Even before the international market had weakened into its utterly bearish condition, President Joko “Jokowi” Widodo had often openly expressed his disappointment over Indonesia’s poor export performance. The trade deficit in the third quarter remained large at US$110 million, though lower than the $2.6 billion in the same period last year, while exports were still dominated by commodities.

Jokowi seems to have become so fed up with the Trade Ministry’s incompetence in bolstering the country’s exports that he plans to move the foreign trade portfolio to the Foreign Ministry within his new Cabinet, which will be set up immediately after his inauguration for his second term on Sunday.

But simply shifting foreign trade management to the Foreign Ministry will not strengthen Indonesia’s export competitiveness, even though diplomacy and free trade agreements do play some role in helping bolster foreign trade.

Moreover, it will take some time to fully integrate the Foreign Trade Directorate General and its 19 trade promotion centers overseas into the Foreign Ministry.

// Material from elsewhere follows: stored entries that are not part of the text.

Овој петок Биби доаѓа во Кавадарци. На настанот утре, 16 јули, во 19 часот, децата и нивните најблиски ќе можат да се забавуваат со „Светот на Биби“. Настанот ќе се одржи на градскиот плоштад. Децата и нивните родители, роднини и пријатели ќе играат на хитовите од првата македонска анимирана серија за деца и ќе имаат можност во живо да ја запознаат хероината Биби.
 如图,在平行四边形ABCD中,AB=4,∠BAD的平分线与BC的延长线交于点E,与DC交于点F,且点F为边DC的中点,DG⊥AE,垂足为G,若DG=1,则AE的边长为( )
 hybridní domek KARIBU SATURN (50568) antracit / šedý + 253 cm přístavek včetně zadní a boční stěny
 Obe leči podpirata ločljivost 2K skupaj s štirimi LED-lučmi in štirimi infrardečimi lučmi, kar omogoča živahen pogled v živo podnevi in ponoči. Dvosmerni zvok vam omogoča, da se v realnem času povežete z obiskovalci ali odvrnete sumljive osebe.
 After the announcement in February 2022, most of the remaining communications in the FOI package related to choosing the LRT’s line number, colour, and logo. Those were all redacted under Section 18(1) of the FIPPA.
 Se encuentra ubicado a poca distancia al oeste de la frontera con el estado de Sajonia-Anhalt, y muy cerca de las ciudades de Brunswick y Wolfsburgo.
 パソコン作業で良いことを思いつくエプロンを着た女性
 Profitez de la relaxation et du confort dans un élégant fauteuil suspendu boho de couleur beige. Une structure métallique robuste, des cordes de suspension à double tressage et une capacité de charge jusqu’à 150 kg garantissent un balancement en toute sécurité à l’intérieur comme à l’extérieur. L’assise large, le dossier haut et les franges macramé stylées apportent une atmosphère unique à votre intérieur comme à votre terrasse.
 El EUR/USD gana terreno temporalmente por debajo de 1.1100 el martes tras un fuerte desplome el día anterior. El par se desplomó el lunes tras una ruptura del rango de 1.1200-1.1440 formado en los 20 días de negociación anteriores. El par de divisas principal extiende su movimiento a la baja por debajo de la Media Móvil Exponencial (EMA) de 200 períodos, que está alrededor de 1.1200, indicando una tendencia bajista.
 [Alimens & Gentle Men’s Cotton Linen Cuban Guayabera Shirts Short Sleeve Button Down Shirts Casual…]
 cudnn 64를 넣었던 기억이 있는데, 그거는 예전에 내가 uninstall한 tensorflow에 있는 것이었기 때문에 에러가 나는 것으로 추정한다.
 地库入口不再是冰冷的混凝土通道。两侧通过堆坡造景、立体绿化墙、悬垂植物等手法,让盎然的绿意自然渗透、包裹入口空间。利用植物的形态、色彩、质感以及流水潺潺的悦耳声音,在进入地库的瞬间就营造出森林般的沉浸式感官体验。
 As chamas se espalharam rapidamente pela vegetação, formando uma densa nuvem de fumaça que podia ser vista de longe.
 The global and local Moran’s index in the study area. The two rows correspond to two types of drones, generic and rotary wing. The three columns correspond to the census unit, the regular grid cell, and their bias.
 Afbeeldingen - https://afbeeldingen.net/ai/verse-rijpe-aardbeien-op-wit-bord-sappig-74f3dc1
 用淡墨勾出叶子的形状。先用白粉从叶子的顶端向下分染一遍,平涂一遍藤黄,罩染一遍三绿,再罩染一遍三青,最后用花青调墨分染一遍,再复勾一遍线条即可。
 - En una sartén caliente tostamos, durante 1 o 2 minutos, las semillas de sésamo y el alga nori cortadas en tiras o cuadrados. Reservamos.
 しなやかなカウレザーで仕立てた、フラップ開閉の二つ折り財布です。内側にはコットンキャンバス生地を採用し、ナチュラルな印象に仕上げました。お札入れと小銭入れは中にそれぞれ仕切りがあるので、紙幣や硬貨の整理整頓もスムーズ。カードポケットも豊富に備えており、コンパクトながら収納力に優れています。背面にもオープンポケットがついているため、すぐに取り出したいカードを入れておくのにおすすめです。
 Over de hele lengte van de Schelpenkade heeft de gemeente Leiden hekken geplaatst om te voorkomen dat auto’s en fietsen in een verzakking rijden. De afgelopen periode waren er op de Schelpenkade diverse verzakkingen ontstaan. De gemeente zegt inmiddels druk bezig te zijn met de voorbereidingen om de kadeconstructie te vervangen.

The main causes of our weak export competitiveness are poor and inadequate basic infrastructure, which puts our logistics costs among the highest in Asia, arduous investment and export bureaucracy and inefficient seaport management. But all these problems lie outside the authority of both the ministries of foreign affairs and trade.

We believe Jokowi, a former furniture exporter, is aware of the vagaries of the export business. The export of manufactured goods involves a wide range of cross-sectoral activities: import of inputs, port handling, transportation to processing plants, export credit financing and shipment. Any hurdle at one stage of this chain could adversely affect the competitiveness of exports either due to delayed delivery or high costs.

Export credit should cover a wide range of financing needs: for imports of basic materials, manufacturing, packing, freight and insurance. For exporters of services such as building contractors, credit financing is needed for pre-tender and post-tender operations.

The key to strengthening export competitiveness is strong interministerial coordination in the implementation of bureaucratic reforms and deregulation to improve manufacturing efficiency and connectivity to the global value chain.

But given the failures of previous efforts, only a chief economics minister with a much stronger mandate and authority directly from the President will be able to lead a more effective export promotion.

A strong chief economics minister is even more imperative if the President goes ahead with his plan to upgrade the Investment Coordinating Board (BKPM) into a ministry, because barriers to investment exist in various areas of the economy, the bureaucracy and other public sector services.